Rita Hernandez de Alba de Acosta Stokes Lydig (October 1, 1875 - October 19, 1929) was an American socialite named by one observer as "the most picturesque woman in America." She was photographed by Adolf de Meyer, Edward Steichen, and Gertrude Käsebier, sculpted in alabaster by Malvina Hoffman, and was painted by Giovanni Boldini and John Singer Sargent, among others.

==Early life==
Rita de Acosta was born in New York City in 1875 to Ricardo de Acosta (1837–1907), a steamship-line executive born in Cuba to Spanish parents, and a Spanish mother, Micaela Hernández de Alba y de Alba (1853–1921), reputedly a relation of the Dukes of Alba.
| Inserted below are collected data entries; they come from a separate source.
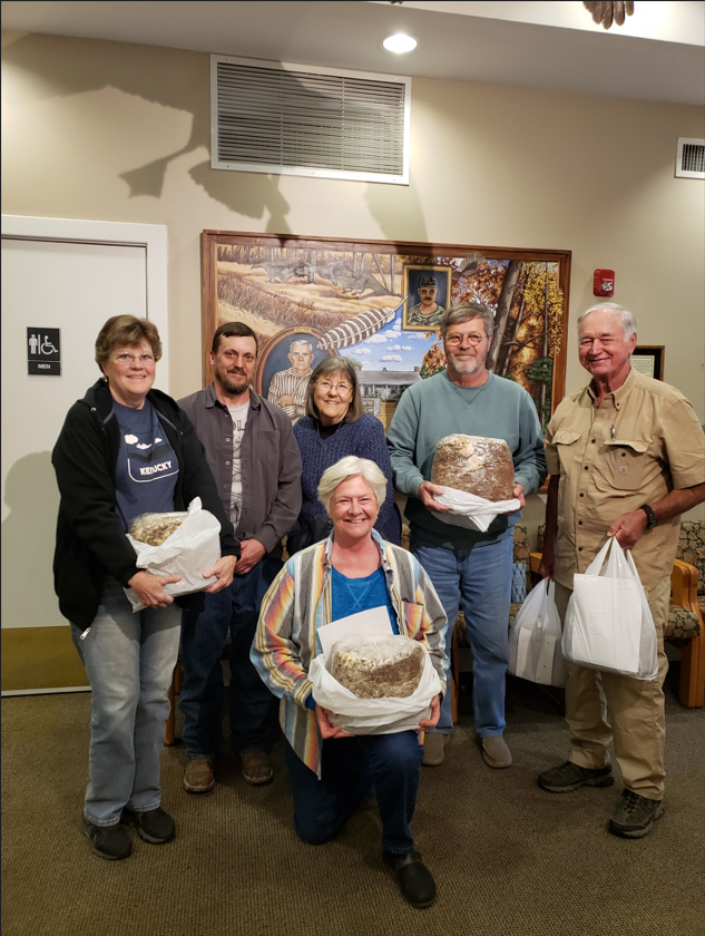 Some of the participants of the 2024 Culinary Mushroom Grow Bag Workshop posing with their grow bags and instructor, Eric Sanders.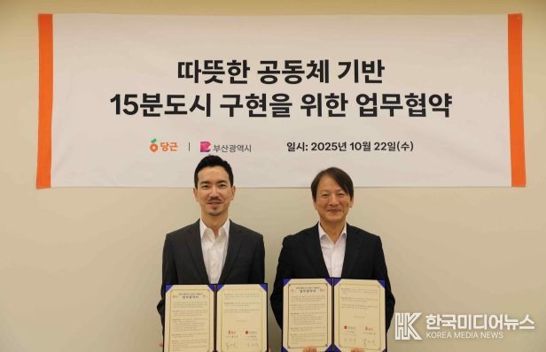 [ 한국미디어뉴스 이원영 기자 ] 부산시는 22일 오후 2시 10분 서울 ㈜당근마켓 본사에서 ㈜당근마켓(대표이사 황도연)과 '따뜻한 공동체 기반 15분도시 구현을 위한 업무협약'을 체결했다고 밝혔다.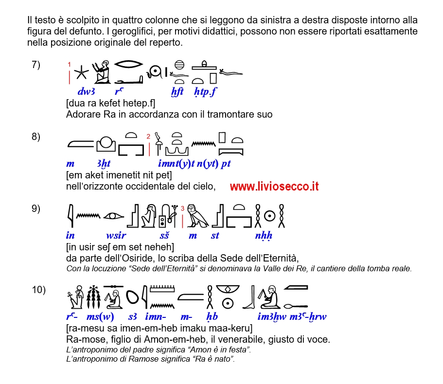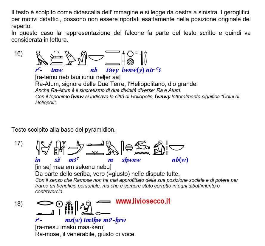 Buonasera. Grazie per i complimenti. Fanno sempre piacere e ricompensano delle fatiche passate.Non sono d’accordo su una cosa, però!Chi studia Filologia Egizia (per sport, per mestiere, per studio) non è un bischero qualsiasi.Dimostra invece di essere una persona in grado di mettersi in gioco con una disciplina tostissima che io considero una vera e propria GINNASTICA INTELLETTUALE.Perciò… Accetto i suoi complimenti e mi permetto di inviarle i miei. Continui assolutamente così.Salutoni.Livio Secco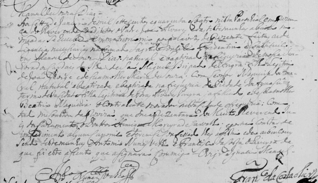 Explorando os vários ramos da ascendência paterna de Gabriel, interessei-me por este: Luiz Gonzaga Correa e Castro (avô) > Luiza Joaquina Pereira da Silva (bisavó) > Luiz Joaquim Pereira da Silva (trisavô) > Joaquina Rosa de Jesus (tetravó) > Maria Antônia de Souza (pentavó) > Manoel de Souza Dias (hexavô). A satisfação com esse ramo inicialmente se deu pela descoberta do sobrenome composto Pereira da Silva, que ocorre no ramo materno de minha bisavó Durvalina. A pista desse sobrenome desapareceu em Joaquina Rosa de Jesus, mas notei que ela chegava a uma pessoa ainda mais interessante: Manoel de Souza Dias, o avô de Joaquina Rosa de Jesus.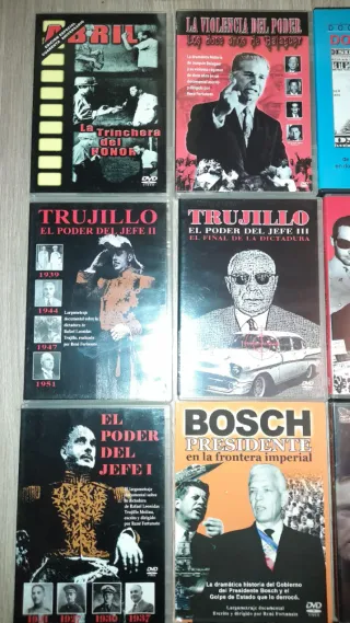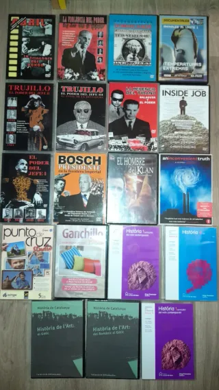 Lote de 20 DVDs variados 2 euros cada 1, todos por 10 euros Abril: La Trinchera del Honor. La Violencia del Poder: Los doce años de Balaguer. Documentales dominicanos Trujillo: El Poder del Jefe I. Trujillo: El Poder del Jefe II. Trujillo: El Poder del Jefe III: El final de la dictadura. La Herencia del Tirano: Balaguer y el Poder. Bosch Presidente en la frontera Animales al Límite 1: Temperaturas Extremas. Inside Job. An Inconvenient Truth (Una verdad incómoda). El Hombre del Klan. Punto de Cruz Studio. Ganchillo Fácil. Història 1: del món contemporani. Història 4: ESO. Història de l'Art: el Gòtic. Història de l
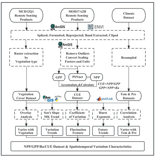 The monthly precipitation (Pre) and mean temperature (Tem) data from 2001 to 2021 in Nyingchi area were obtained from the National Earth System Science Data Center, National Science & Technology Infrastructure of China (http://www.geodata.cn, accessed on 14 August 2022). The temporal resolution and spatial resolution were 1-month and 1 km, respectively. The data were generated by Peng Shouzhang based on the global 0.5° climate dataset released by CRU and the high-resolution climate dataset released by WorldClim, using the Delta spatial downscaling scheme to downscale the monthly precipitation and mean temperature data in China [29]. After obtaining the data, ArcGIS 10.2 software was used for format conversion, reprojection, band separation, and clipping, and finally resampled to obtain the 500 m meteorological dataset in Nyingchi area for 21 years. This dataset was used for testing the correlation between CUE, temperature and precipitation in the subsequent analysis.
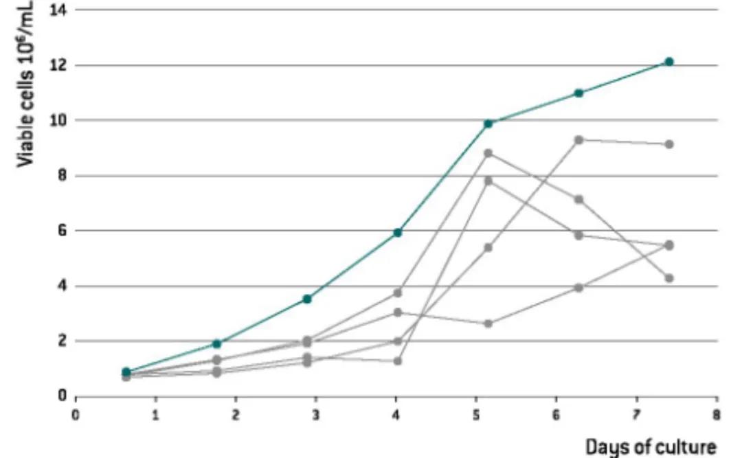 图2. Sf9细胞在TheraPEAKTM SfAAVTM培养基(绿色)中的生长速度比在检测的培养基(灰色)中更快,因此客户能够以最高的细胞密度(约3×106个细胞/mL)启动杆状病毒感染,至少可比检测的其它培养基提前1天。

She had seven siblings: Joaquín, Enrique, Ricardo, Mercedes, Aida, Maria, and Ángela.

Her sister Mercedes de Acosta, a lover of movie star Greta Garbo, was an author, a scriptwriter, and social critic. Another sister, Aida de Acosta, became the first female to fly a powered aircraft solo and was the second wife of United States Assistant Secretary of War Henry Skillman Breckinridge, and another sister, Maria, was the wife of composer Theodore Ward Chanler.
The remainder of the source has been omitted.